* _Data block_:
Content starts

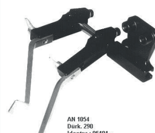
Hochschwenkbarer Anschlag mit zwei Anschätzen links der Nadel
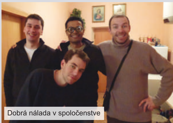
Dobrá nálada v spoločnosti

hesla: „Host do domu, Boh do domu.“ Ani jeden deň sme nehladovali. Bolo to priam biblické: tak ako Pán Ježiš nakrmil veľký zástup ľudí a zvýšilo 12 košov odrobín, tak aj títo milí ľudia nakrmili nás a ešte aj veľa zvýšilo. Tak skutočne medzi nami bol sám Boh. Večer sme sa spoločne ako jedna komunita bavili na spoločenských hrách, ktoré v Bratislave málokedy
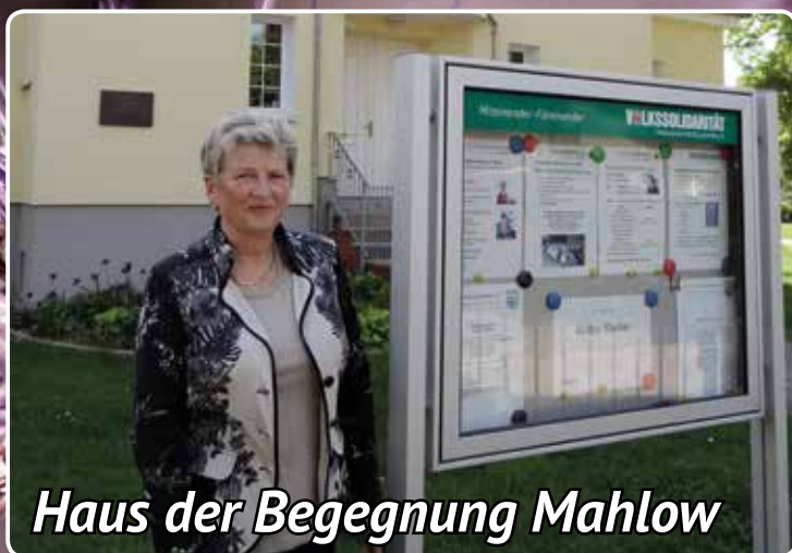
Haus der Begegnung Mahlow

Content ends

* _What you will do_:
Would you please write out exactly the lines between the line containing "hesla: „Host do" and the last line of the listing above, inclusive, without pictures?

* _Written solution_:
hesla: „Host do domu, Boh do domu.“ Ani jeden deň sme nehladovali. Bolo to priam biblické: tak ako Pán Ježiš nakrmil veľký zástup ľudí a zvýšilo 12 košov odrobín, tak aj títo milí ľudia nakrmili nás a ešte aj veľa zvýšilo. Tak skutočne medzi nami bol sám Boh. Večer sme sa spoločne ako jedna komunita bavili na spoločenských hrách, ktoré v Bratislave málokedy
Haus der Begegnung Mahlow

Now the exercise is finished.